I need to split my cable feed into 4 to serve 4 rooms. I just realized I am
using a 1 to 6 splitter but only using 4 of the output and 2 were not hooked
I am wondering does this matter? Is one of those downstream cable getting
1/4 or 1/6 of the signal strength?
Should I get a better 1 to 4 splitter? I have a cheal AIM 11-4060 900MHz
As long as you have a strong incoming RF signal, unused outputs of
your splitter should not affect the signal quality.
However, a 4 output splitter divides the power of the incoming signal
more or less equally to 4 outputs. A 6 output splitter does the same
with 6 outputs. The sensitivity of modern electronics is such that
you can usually divide the power of the incoming signal several times
before it will affect signal quality.
Theroretically, an unterminated output functions the same as an
unterminated transmission line reflecting 100% of the power back in
the other direction. If this were a long line, it could cause ghosting
and other undesirable effects. In practice, the amount of reflected
power is usually so small that you do not see the effects or need to
worry about it. For critical applications however, they do sell 75
ohm terminating resistors with F connector threads.
Professional RF distribution systems also have taps available as an
alternative to splitters. A tap looks like a spliter accept it has
an RF in and RF out in additition to the RF tap outputs. The tap
outputs typically take a very, very small portion of the output power
from the main line. Taps are available in various power ratings. -20
dB, -14 dB, and -10 dB are typical. Taps might be used in
applications like a hospital, for example, where you might have 30 or
more receivers being fed off of a main line.
Optimum setup is a good 1 to 4 splitter but if you have good snow-free
picture in all rooms and a dependable internet connection, why worry. The
unused splitter terminals ideally should have 75 ohm terminators installed.
They should NOT have unterminated cables attached.
for basic cable from adelphia buffalo the answer would not matter much.
but for cablemodem service or digital hd tv quality and cableboxes you
want the cable company to do all that stuff for you.
if you do it and your digital box changes channels slowly or has
dropout, call them and they'll replace the bad wiring with no service
charge [buffalo ny]
with their technicians always busy changing out a cable end or splitter
or wire or box here every year and the electronic testers they bring,
it's a better job.
Cheap 900Mhz splitter...? Get yourself a decent quality 2.4Ghz splitter
(they are less than $5 in most electronic stores), it'll make a big
difference in signal quality.
My Father-in-law had a cheap splitter, and some old RG59 cabling, and was
splitting 4 or 5 ways also.. Had added a signal booster to try to get a
better signal, and it was acceptable to him, but pathetic in my opinion.
One day I bought a new 2.4Ghz splitter, instead of those cheapo ones you get
from the dollar stores, and replaced his wiring with decent quad -shield RG6
cable, removed the signal booster, and the picture quality went from
pathetic, to impressive for an analog cable signal. It was super clear, and
no boosters needed.
So don't underestimate the difference a decent quality splitter, and some
decent cables will make.
I got a 6 way splitter for him, and now using only 5 outputs, and didn't
terminate the open one, but doesn't seem to make a huge difference.

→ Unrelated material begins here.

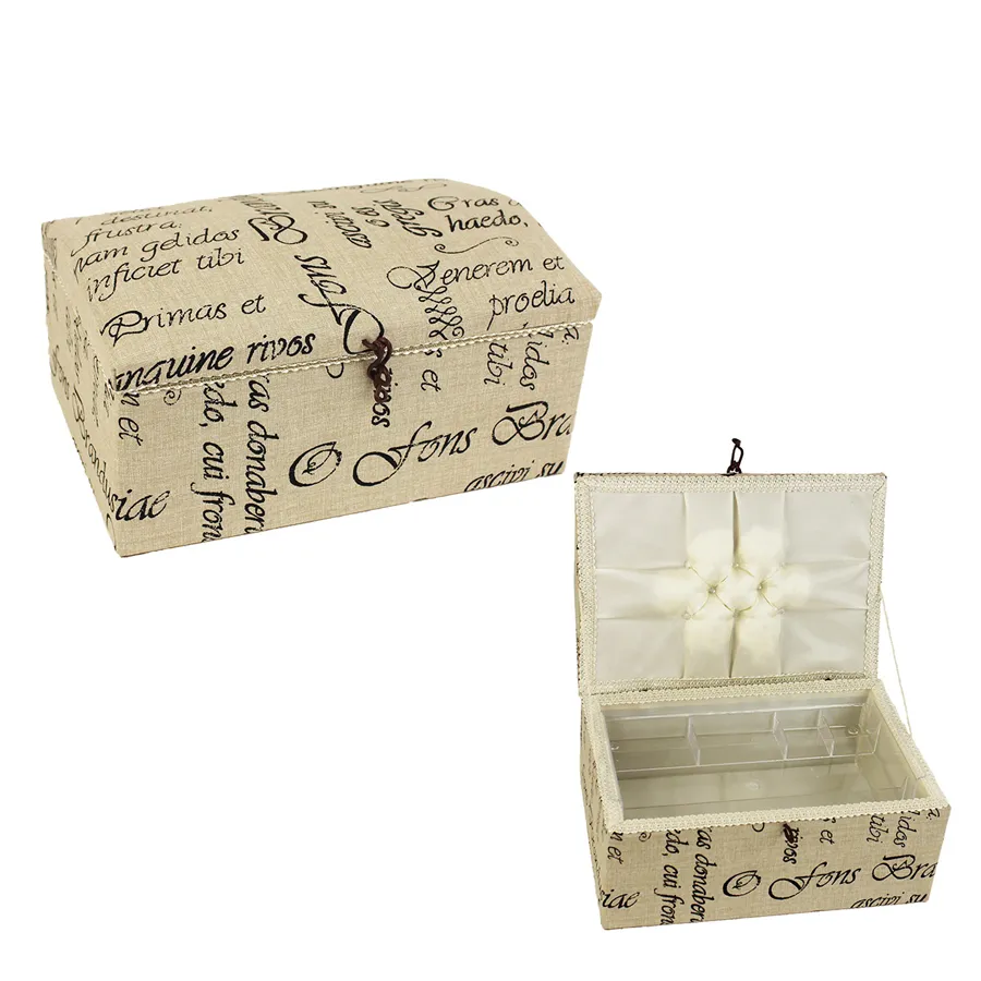 Nähkästchen mit abnehmbarem Fach aus transparentem Kunststoff. Maße: 27 x 19 cm, Höhe 14 cm Material: Stoff

The output taps are getting 1/6 the signal at the input. Best practice
says you should terminate the unused taps with a 75 ohm resistor (they
sell special caps for this), but in reality it usually makes no
Tim Killian ( email@example.com) said...
For all practical purposes, leaving unused outputs on a splitter will not
cause any problems.
With transmission lines, they should be terminated with the proper
impedance in order to avoid reflections that can cancel or increase the
signal at various places along the line (like the interference pattern
generated when two stones are dropped into water).
At one extreme, if you shorted the line, the signal would reflect back
due to inductance properties of the line. If you leave the line open, you
get just as much reflection due to capacitive effects. When you terminate
it with the line's impedance (75 ohm for TV coax), no reflections occur.
With a splitter, the open end is so close to the signal source (in the
splitter) that there is negligible relection caused. If you took one of
those outlets and connected a cable to a wall plate in a room and didn't
hook up something to that outlet, then you should put a terminator on it.
"Never ascribe to malice what can equally be explained by incompetence."